Recent $35M debt financing
has the company well-equipped with a suitable war chest, in order to pursue the next stages of the TRIFERIC story.
7Company’s global intellectual property portfolio includes Orange Book listed patent with expiry in 2029.
#2 supplier of dialysis concentrates in the US;
relationships with leading dialysis players, generating $61M+ revenue annually.
board and advisors with deep renal and pharma commercial experience.

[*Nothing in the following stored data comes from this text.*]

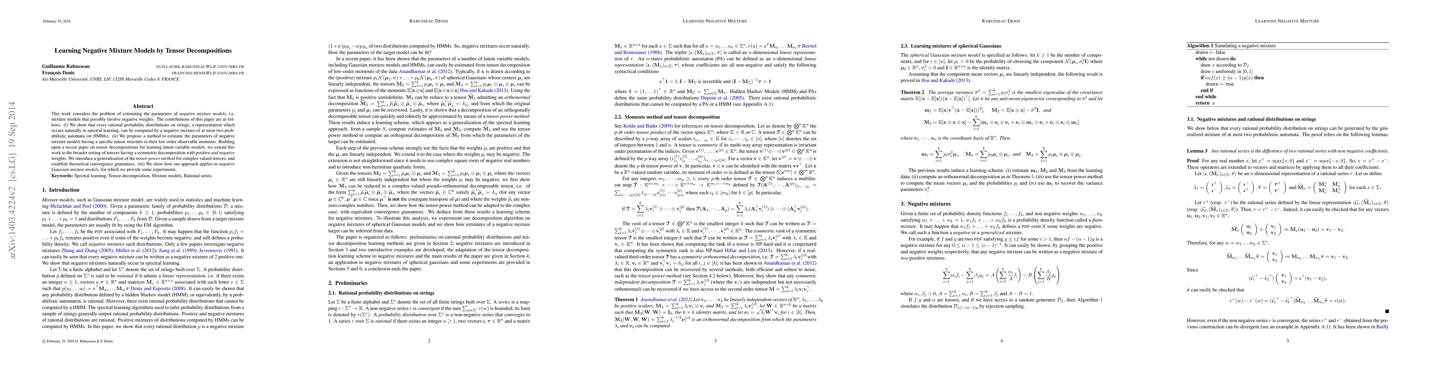 This paper estimates parameters of negative mixture models using tensor decompositions, demonstrating that rational probability distributions on strings can be represented by negative mixtures of two probabilistic automata. It proposes a method for tensor decompositions with symmetric structures and positive/negative weights, extending previous work and providing theoretical convergence guarantees, with applications to negative Gaussian mixture models.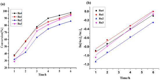 Time-dependent transfer hydrogenation reaction of acetophenone catalysed by Ru1–Ru4, 5.00 × 10−3 mol% (50 ppm); tBuOK: 4.0 mol%; temp. 82 °C). (a) Yield (%) vs. time graph, (b) −In[Ac.]t/[Ac.]0 vs. time plot of the Ru1–Ru4 catalysts (Ac.—acetophenone).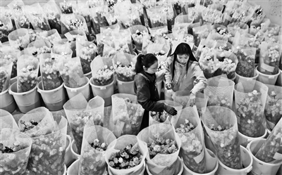 2月1日,在甘肃省临夏市枹罕镇的亿农国际鲜花港保鲜冷藏室内,工人在整理鲜花,供应节日市场。新华社发(史有东 摄)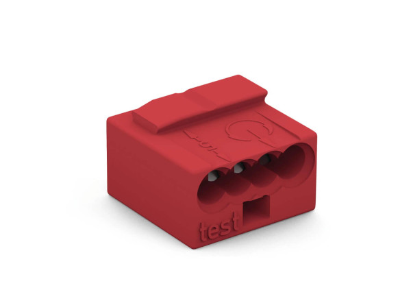 • MICRO-Verbindungsdosenklemme; für eindrähtige Leiter; Ø 0,8 mm; 4 Leiter; Deckelfarbe lichtgrau; Umgebungstemperatur max. 60°C; rot.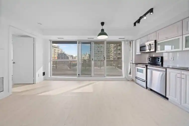 Parking and a private locker are included in the lease price which is a rare and valuable bonus in Liberty Village. Welcome to 100 Western Battery Road #401, a thoughtfully updated one-bedroom condo in the heart of Liberty Village. You’ve got a full four-piece bathroom. To your left, a spacious coat closet + a stacked washer and dryer. The suite then opens into a bright, open-concept kitchen and living area that has recently been upgraded. The kitchen has been renovated with new oak cabinetry, upgraded stainless steel appliances, and clean, modern finishes. White oak-stained flooring runs throughout the space. The layout offers excellent flexibility, allowing you to make the space your own whether that means a defined dining area, a work-from-home setup, or a more expansive lounge feel. Large sliding doors span the living room wall and lead to a generously sized, covered east-facing balcony. The bedroom is quietly set apart from the main living area and offers a comfortable, practical footprint. With a proper closet and enough room for a full-sized bed, it achieves that ideal balance of comfort and functionality. Beyond the suite, the building offers a strong selection of amenities. Residents enjoy access to a fully equipped fitness centre, indoor pool, party room, and guest suites. The King Liberty pedestrian bridge is just outside your door, providing seamless access to King Street West and the TTC, making commuting downtown or across the city effortless. Metro, No Frills, Shoppers Drug Mart, GoodLife, Altea, along with countless cafés, restaurants, and local favourites that define Liberty Village’s vibrant energy are all nearby.

9 For selected countries listed in United States Renal Data System 2018 Annual Data Report. Table N.7.a “Yearly counts of all patients treated with in-center hemodialysis as of the end of the calendar year, 2003-2016.” and European Renal Association.
17 Nephrology News and Issues, September 2018, Mark E Newman, Table 1: The largest dialysis providers in 2018.